Recently I was troubleshooting an issue where the thread that connects to the global catalog (GC) in the Outlook connections status windows was staying on “connecting”:

Outlook hung on connecting to Global Catalog

During troubleshooting we realized that the Outlook clients even could not create new profiles in online mode although normal intended operation for the clients was cached-mode. This was an Outlook Anywhere connection for newly connected clients and therefore the clients even did not have an offline address book available on the clients.

Needless to say, that the working experience for the affected clients was very bad: as soon as they started any operation in Outlook which requires access to the address book (like choosing other recipients for a reply E-mail or checking the member of attribute for a user) or even when they simply tried to open the address book in Outlook, the clients started to become completely unresponsive and hung.
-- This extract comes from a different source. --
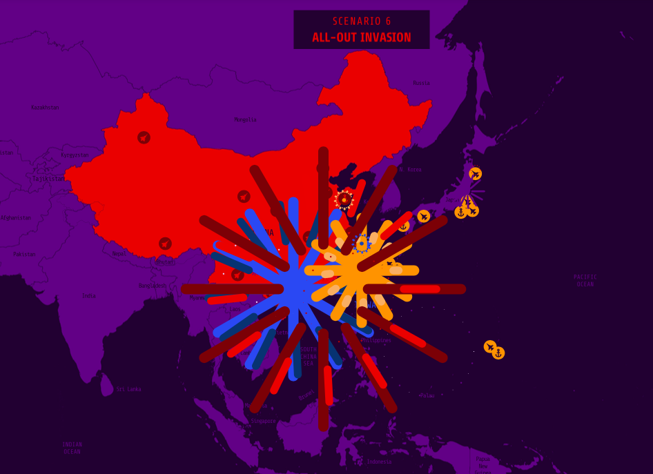 Без предупреждения НОАК осуществляют массированные воздушные, ракетные и кибератаки по ключевым военным и гражданским целям по всему Тайваню. В то же время НОАК атакует базы США в Японии и Гуаме с помощью воздушных и ракетных ударов, пытаясь парализовать американские силы и отсрочить любое вмешательство.

As I mentioned, this was an Outlook Anywhere scenario, so mainly the Outlook client connects to the mailbox server via the proxy server on port 6001. Right when you start Outlook, there may not be a GC connection right away. Right after the user performs an operation which requires a connection to the GC, like checking group membership of an address book entry, a connection thread to the GC is established by the client. This connection also uses the proxy server and then connects to port 6004 to DSProxy on the mailbox server which proxies the connection onwards to the GCs when everything runs well.

Troubleshooting

As for troubleshooting our first steps was to check the IIS logs on the proxy server, which was an Exchange 2007 CAS server in this case. The IIS logs showed lots of 401.1 0 entries but because of the hardware load-balancer in front of the proxy server there was not much to gain from the lIS logs in regards of IP addresses being used.

So we decided to use RPCPING to test the connection from the client all the way to the mailbox server. The RPCPING syntax and usage are nicely described in this KB article.

In our case we were using this syntax to query the DSProxy port 6004 on the mailbox server:

rpcping -t ncacn_http -o RpcProxy=mail.fourthcoffee.com -P "bastianb,fourthcoffee,*" -H 1 -F 3 -a connect -u 9 -v 3 -s ExchangeCAS.fourthcoffee.com -I " bastianb,fourthcoffee,*" -e 6004

Since those were Windows 7 clients, RPCPING ships inbox and was available right away for troubleshooting on the clients.

First issue identified

Several attempts of the RPCPING either timed out or came back with status 1722 which translates to RPC_S_SERVER_UNAVAILABLE. At this point I decided to check if the mailbox server was even listening on port 6004. It could have been that e.g. some third party application was blocking this port on the mailbox server.

A NETSTAT –ANO revealed that the mailbox server was indeed not listening on port 6004. DSProxy is part of the Microsoft Exchange System Attendant Service (SA), also known as MAD.EXE.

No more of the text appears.